Make a compelling case for gender diversity. Employees need to see that gender diversity is a priority for management, and they need to see data that demonstrates greater diversity is better for business.
Invest in more employee training. Offer unconscious bias training for employees, especially those involved in hiring, and ensure discriminatory behavior against women is dealt with quickly and appropriately.
Give managers the means to drive change. Make sure managers understand why gender diversity is important and have the ability to address it in their teams. Managers also frequently act as mentors, preparing and recommending employees for promotions, so ensure women have access to mentoring at equal rates.
Ensure that hiring, promotions and reviews are fair. Review these processes to ensure women and people of color are being recommended, considered and interviewed. Set measurable goals for hiring and promoting diverse candidates.
Give employees the flexibility to fit work into their lives. Women and men benefit from more generous parental leave and programs that make taking extended leave easier. For women, many of whom are the primary caretaker for children even while working full-time, such programs make achieving their best outcomes possible.
Focus on accountability and results. In addition to tracking gender representation in hiring, also look at disparities in external hiring, promotions, access to professional development and big growth opportunities. Set goals, track those goals and share the results with your employees, including areas where improvement is needed and how the company will make those improvements.
Preparing Women to Lead
Women can’t be promoted above middle management if they never make it to middle management in the first place — a problem many businesses in America experience.

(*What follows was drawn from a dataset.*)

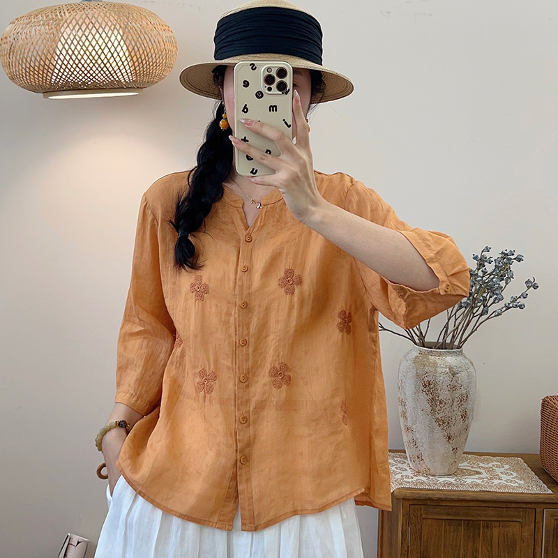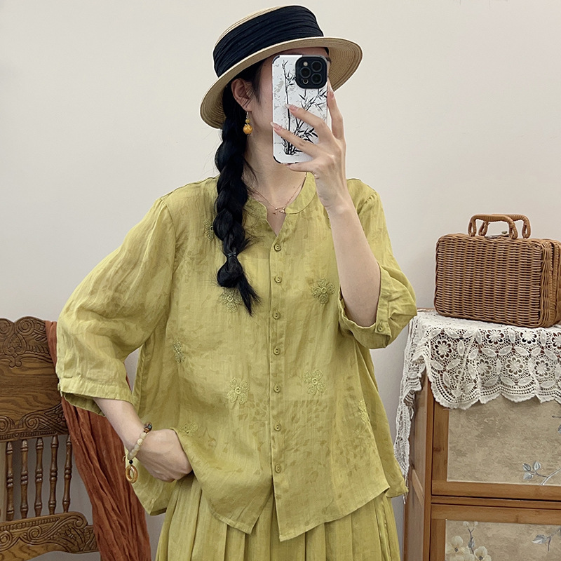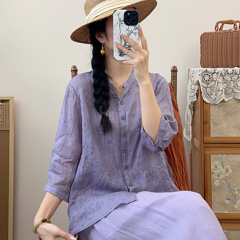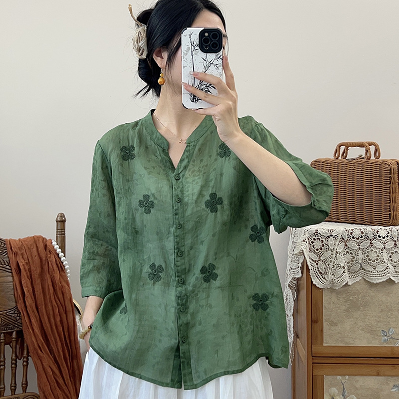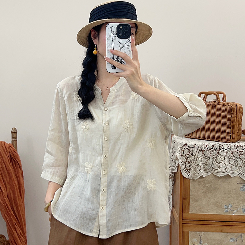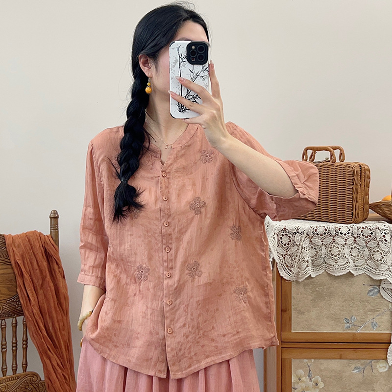 봄과 여름 2024 새로운 스타일 단일 가슴 느슨한 슬림 셔츠 서 있는 칼라와 예술적 캐주얼 인쇄 셔츠스토어 가기

In Women in the Workplace 2017, a report by McKinsey & Company and LeanIn.Org, researchers found the lack of women at the top in corporate America often starts much lower in the corporate ladder. The pipeline for male and female workers starts out similarly: 52 percent of entry-level employees are white men, and 48 percent are women.
As careers progress, however, fewer women are promoted. By manager level men make up 63 percent of the workforce, with women making up only 37 percent. More than 72 percent of vice-presidents are men (men of color make up 11 percent), and at the higher level about two-thirds of employees are white men, with men of color, white women and women of color comprising 12 percent, 18 percent and 3 percent, respectively.
Across Industries
What’s more, this pattern remains the same in every industry the report examined, from those that struggled to attract women at the entry level, such as automotive manufacturing, to health care, in which almost three-fourths of entry level workers were women. The pipeline is leaking — talent.
Causes
The report attributes the lack of promotion beyond entry level to a number of factors. They include lack of mentorship or advocates in the C-suite of a company, a belief that women are more likely to leave to focus on their families (which is not borne out by statistics) and a belief held by leaders in the organization that men and women are already treated equally and promoted fairly, which provides little incentive to make changes or look deeper into the gap.
A Way Forward
The international Pricewaterhouse-Cooper Gender Advisory Council released a report in 2008 with suggestions for change, including setting targets for retaining and promoting women; examining unconscious bias among processes and leaders; providing mentoring and development opportunities for women starting early in their careers; being transparent in the hiring and promotion processes; including a minimum number of women candidates for leadership appointments; and, at the heart of it, recognizing that diversity of all types contributes to a stronger organization.
For the employees themselves, the report suggests setting professional goals, both short- and long-term, and recognizing what you need to do and what you need your organization to do; making effective use of mentors and training opportunities; and be supportive of other women.